> _Available records_:
________________________________________

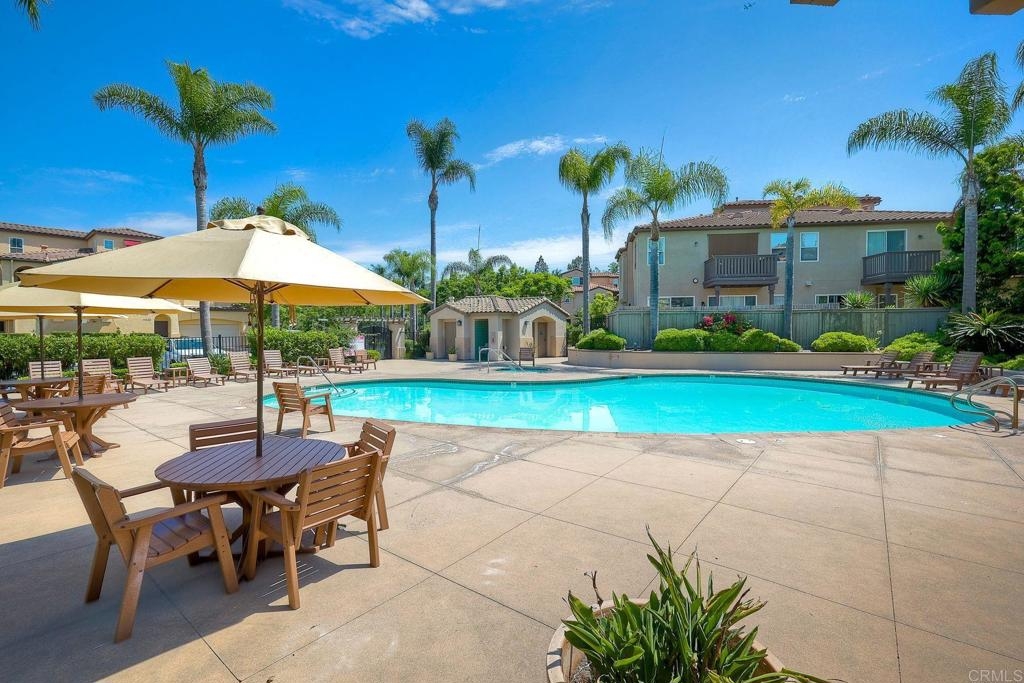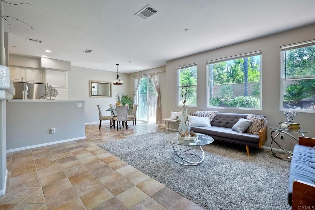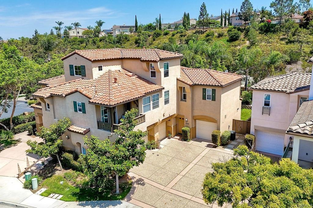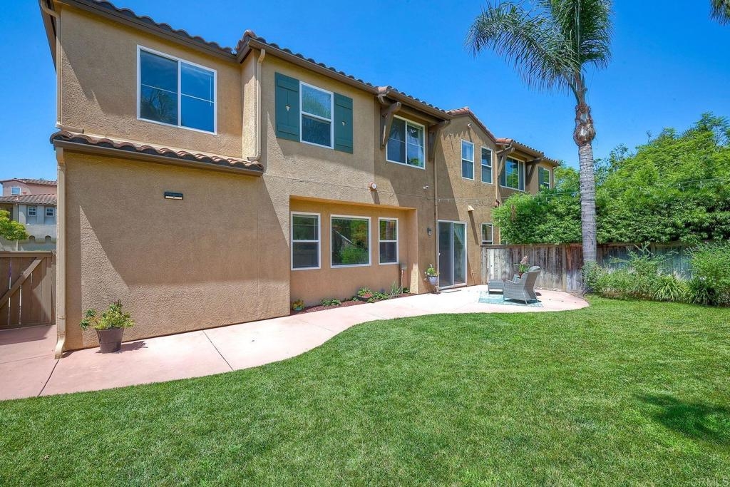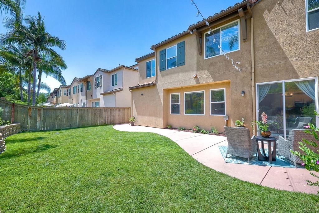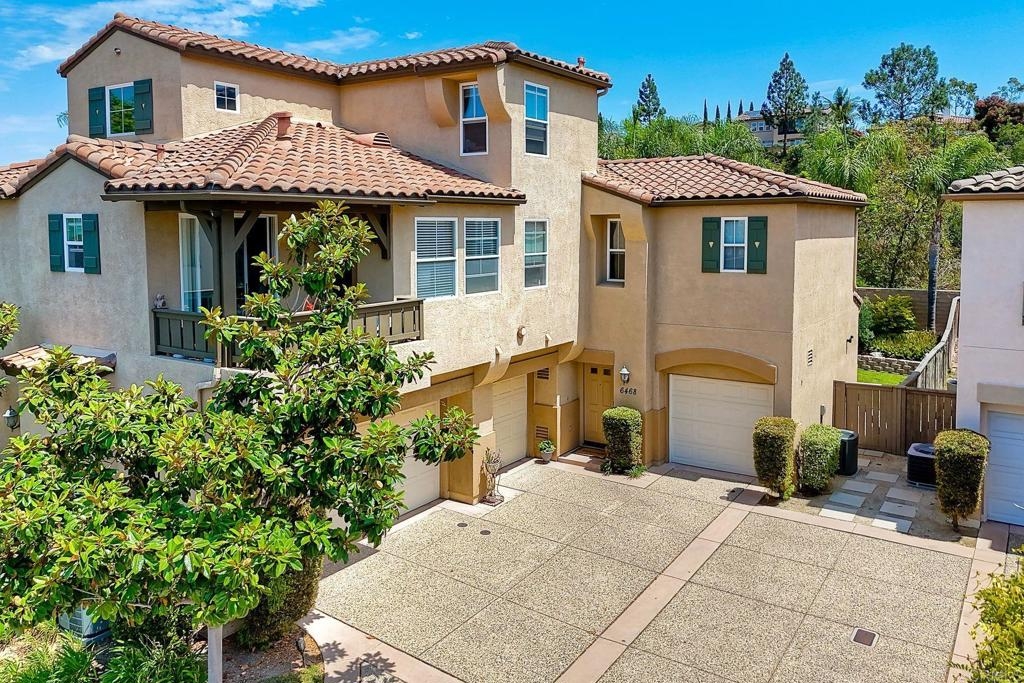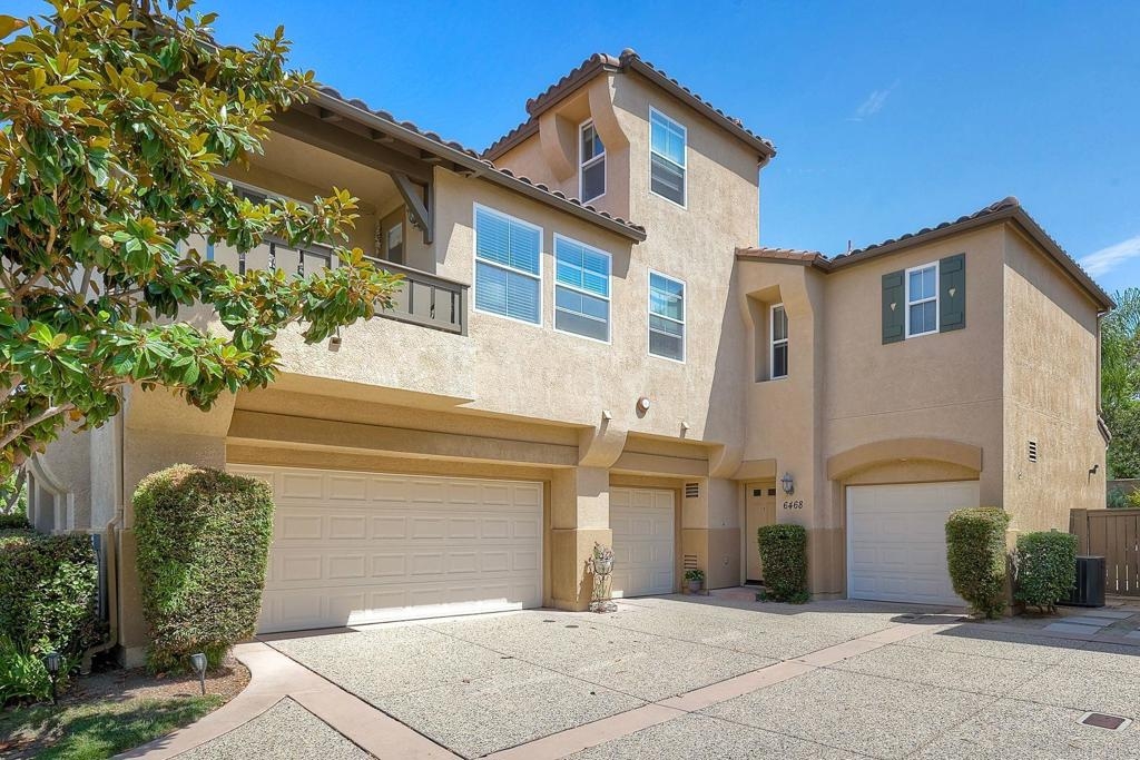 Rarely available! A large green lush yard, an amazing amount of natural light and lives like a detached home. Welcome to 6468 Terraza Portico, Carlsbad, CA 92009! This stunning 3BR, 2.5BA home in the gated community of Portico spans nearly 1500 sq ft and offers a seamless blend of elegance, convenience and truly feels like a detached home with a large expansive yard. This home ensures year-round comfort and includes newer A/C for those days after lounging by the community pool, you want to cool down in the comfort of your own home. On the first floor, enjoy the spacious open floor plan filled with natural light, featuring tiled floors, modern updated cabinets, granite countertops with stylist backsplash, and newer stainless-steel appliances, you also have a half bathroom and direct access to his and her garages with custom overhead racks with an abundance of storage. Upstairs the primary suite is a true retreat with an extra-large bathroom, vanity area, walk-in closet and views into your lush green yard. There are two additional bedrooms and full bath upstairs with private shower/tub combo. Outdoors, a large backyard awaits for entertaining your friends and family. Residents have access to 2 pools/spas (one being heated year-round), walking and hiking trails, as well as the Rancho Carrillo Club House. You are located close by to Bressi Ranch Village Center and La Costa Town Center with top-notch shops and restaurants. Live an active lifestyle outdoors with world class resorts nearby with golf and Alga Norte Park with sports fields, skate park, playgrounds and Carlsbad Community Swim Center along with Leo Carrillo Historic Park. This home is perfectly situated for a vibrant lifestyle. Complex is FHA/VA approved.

________________________________________

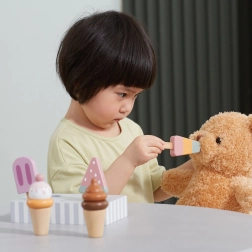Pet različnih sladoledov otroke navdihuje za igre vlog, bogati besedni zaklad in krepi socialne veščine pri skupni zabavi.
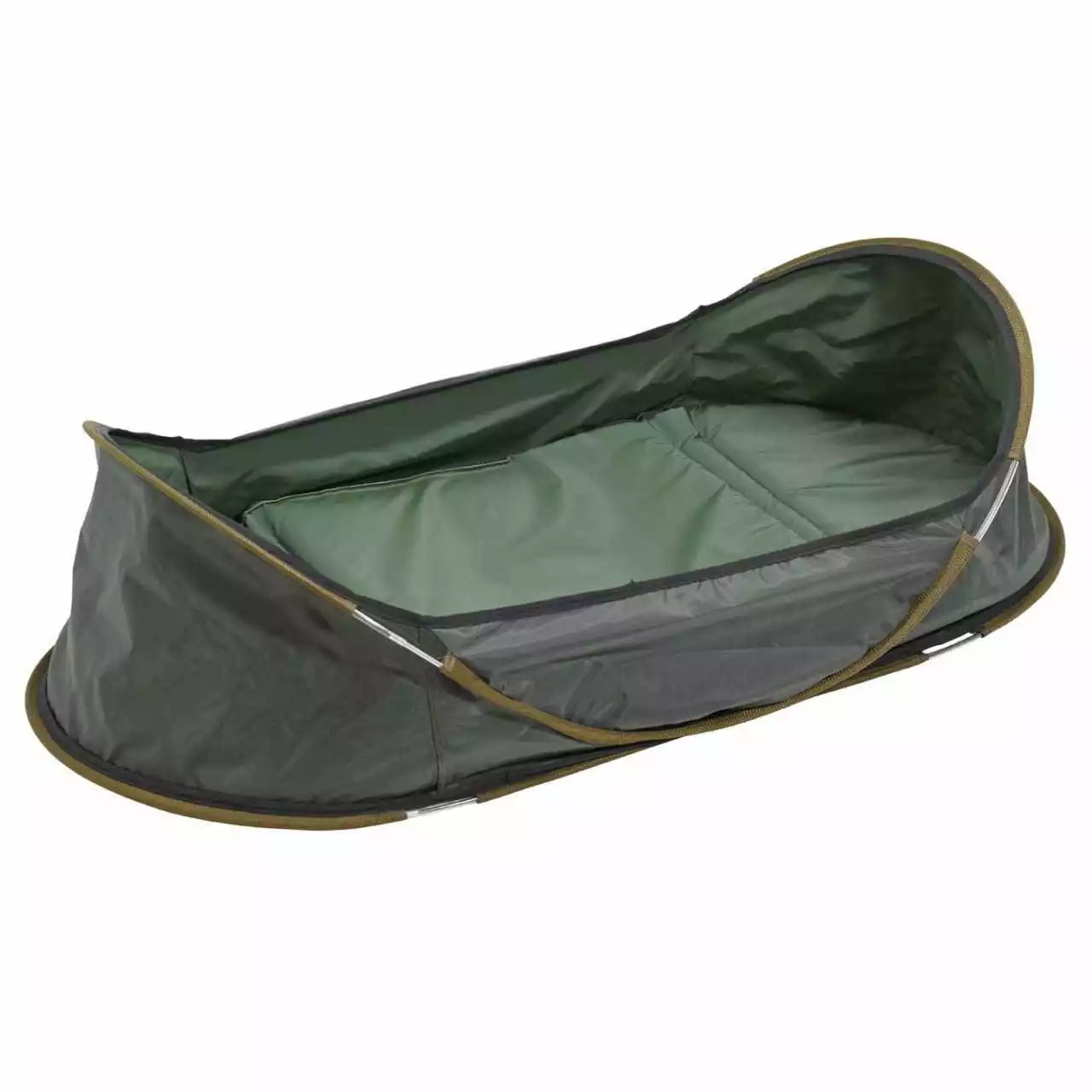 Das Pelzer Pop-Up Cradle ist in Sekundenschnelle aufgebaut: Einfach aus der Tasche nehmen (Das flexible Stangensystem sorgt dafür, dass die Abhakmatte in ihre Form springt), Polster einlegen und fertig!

________________________________________

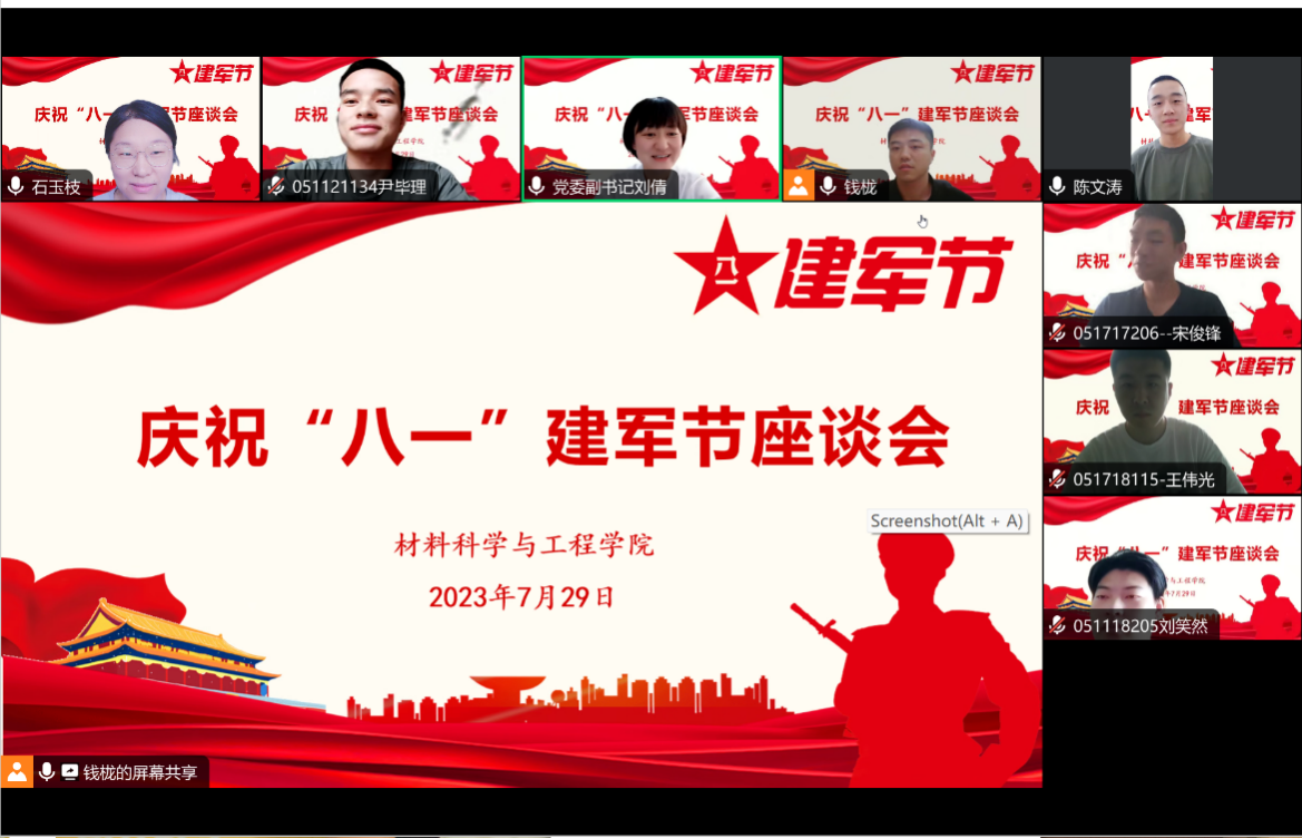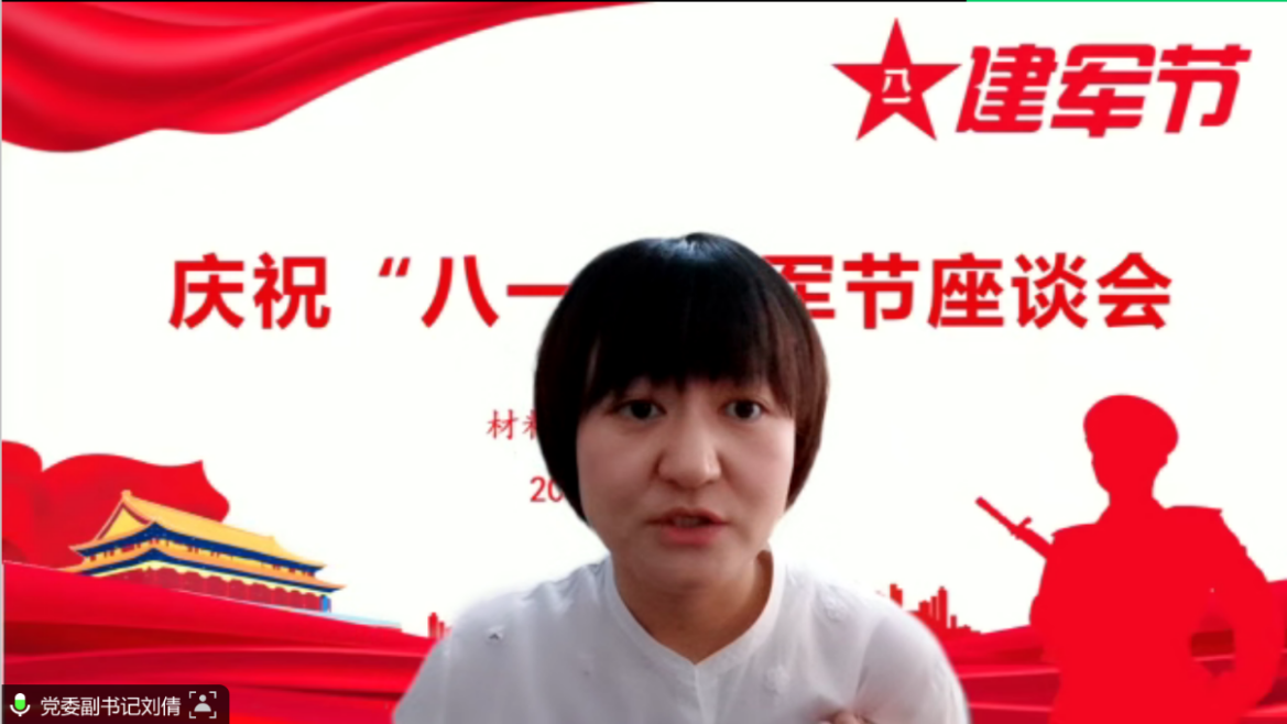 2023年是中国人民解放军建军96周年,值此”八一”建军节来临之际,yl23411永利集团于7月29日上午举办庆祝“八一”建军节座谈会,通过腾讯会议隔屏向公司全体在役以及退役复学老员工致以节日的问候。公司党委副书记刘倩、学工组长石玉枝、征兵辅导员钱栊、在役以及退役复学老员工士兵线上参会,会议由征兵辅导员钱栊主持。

________________________________________

> _The task_: Copy only the lines above from the one containing "Pet različnih sladoledov" through the one containing "Das Pelzer Pop-Up", both included. Leave out the pictures.

> _Completed exercise_:
Pet različnih sladoledov otroke navdihuje za igre vlog, bogati besedni zaklad in krepi socialne veščine pri skupni zabavi.
 Das Pelzer Pop-Up Cradle ist in Sekundenschnelle aufgebaut: Einfach aus der Tasche nehmen (Das flexible Stangensystem sorgt dafür, dass die Abhakmatte in ihre Form springt), Polster einlegen und fertig!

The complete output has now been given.